The study results underscore the urgent need for Congress to reauthorize
the U.S. President's Emergency Plan for AIDS Relief (PEPFAR), which
has supported the South African government's effort to increase
access to antiretroviral therapy, the researchers note. "If
ART is not provided to all who need it, HIV mortality will be enormous,"
says Walensky. "Deliberate, purposeful, and expedient scale-up
will save millions of lives in South Africa alone."
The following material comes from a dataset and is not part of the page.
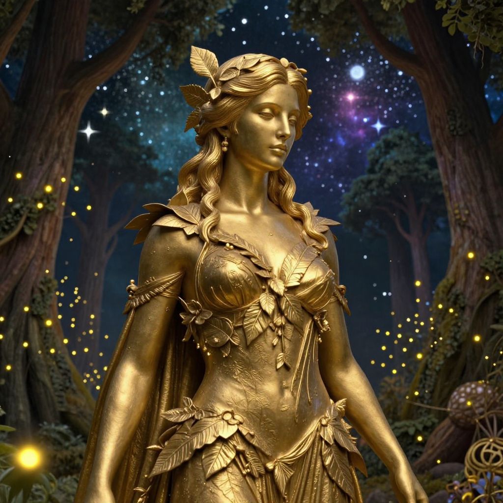 Photograph of a golden, leaf-adorned statue of a serene, fair-skinned woman with wavy hair and a leaf crown, standing in a magical forest. Her dress, made of intricate leaves, reveals a modest cleavage and a slender, toned midriff. The background features tall trees with glowing, starry night sky and twinkling fireflies, creating an ethereal, enchanted atmosphere. The statue's detailed texture contrasts with the soft, blurred forest and glowing lights, emphasizing her majestic, nature-inspired elegance.

South Africa has one of the largest burdens of HIV infection in
the world, with 5 to 6 million individuals and 19 percent of adults
aged 15 to 49 infected. While government programs supported by PEPFAR
and the Global Fund to Fight AIDS, Tuberculosis and Malaria have
steadily increased access to antiretrovirals, at the end of 2006
only a third of individuals eligible for the therapy were receiving
it.
In order to quantify the potential impact of various strategies
for increasing access to ART, the research team projected the number
of deaths under five scenarios - ranging from maintaining current
access levels, through steady and moderate growth levels, to rapid
growth and full access for all patients requiring treatment. Among
other factors, calculations were based on the fact that the one-year
survival rate for eligible patients who receive antiretroviral therapy
is 94 percent, while only 55 percent of those not treated would
be expected to survive one year.
Results showed that maintaining current treatment capacity would
lead to 2.4 million AIDS-related deaths by 2012. Rapid scale-up,
whereby everyone in need would have access by 2011, would reduce
the projected number of deaths to 1.2 million during that time period,
and immediate full access for all eligible patients would drop deaths
to 800,000.
The researchers note that efforts to scale up treatment have resulted
in a fivefold increase in access to ART in low and moderate-income
countries. "Continued investments in antiretroviral treatment
programs worldwide are a public health imperative; the potential
loss of life without such support is simply unacceptable,"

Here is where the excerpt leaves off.